Disk I / O Optimization

Question

Disk I / O Optimization

I have a piece of code that analyzes data streams from very large (10-100 GB) binaries. It works well, so it's time to start optimizing, and the IO drive is currently the biggest bottleneck.

Two types of files are used. The first type of file consists of a stream of 16-bit integers, which must be scaled after I / O to convert to a floating-point value that is physically significant. I read the file in chunks, and I read in chunks of data, reading one 16-bit code at a time, doing the required scaling, and then storing the result in an array.
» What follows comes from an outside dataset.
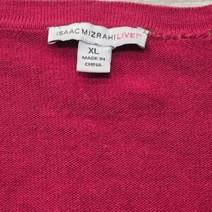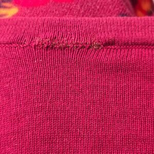 Isaac Mizrahi Live! Red Purple Floral Print V Neck Long Button Cardigan Sweater. Faint mark on the sleeve and stitching on the back as shown, otherwise great condition.
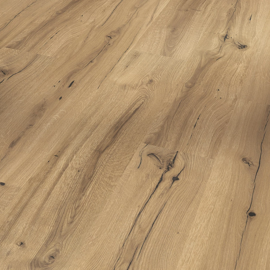 A Basic 400 termékcsalád Parador Laminate Oak Chronicle Wide Plank padlója minden tekintetben lenyűgöző. Ez a laminált padló kifinomult érzetet kelt, tartós és megfelel a legmagasabb terméktervezési szabványoknak. A padló széles padlóként 1285 x 194 x 8 mm méretben kapható. Az illesztésmentes kialakítás nyugodt, egységes összhatást kelt, mivel nem láthatók rések. A laminált padló selymes matt textúrája különösen természetes megjelenést kölcsönöz. A nyugodt és harmonikus textúra vizuálisan a kezeletlen fára hasonlít. A Parador Basic 400 termékcsaládjának laminált padlói alacsony kibocsátású allergéneket tartalmaznak, tartósak, egészségesek az otthon számára, és kivételesen könnyen karbantarthatók. Padlófűtés fölé is lerakhatóak. Ennek a laminált padlónak a beépítési magassága 8 mm. A szabadalmaztatott SafeLock® PRO klikkcsatlakozóval ellátott klikkmechanizmusnak köszönhetően ezek a padlók precízen és egyszerűen lerakhatók. A teljes felületű élimpregnálás megbízható védelmet nyújt a duzzanat ellen. A gyártó magánhasználatra tizenkét év garanciát vállal.

Code below:

int64_t read_current_chimera(FILE *input, double *current, int64_t position, int64_t length, chimera *daqsetup) { int64_t test; uint16_t iv; int64_t i; int64_t read = 0; if (fseeko64(input, (off64_t)position * sizeof(uint16_t), SEEK_SET)) { return 0; } for (i = 0; i < length; i++) { test = fread(&iv, sizeof(uint16_t), 1, input); if (test == 1) { read++; current[i] = chimera_gain(iv, daqsetup); } else { perror("End of file reached"); break; } } return read; }

The chimera_gain function simply takes a 16-bit integer, scales it, and returns double for storage.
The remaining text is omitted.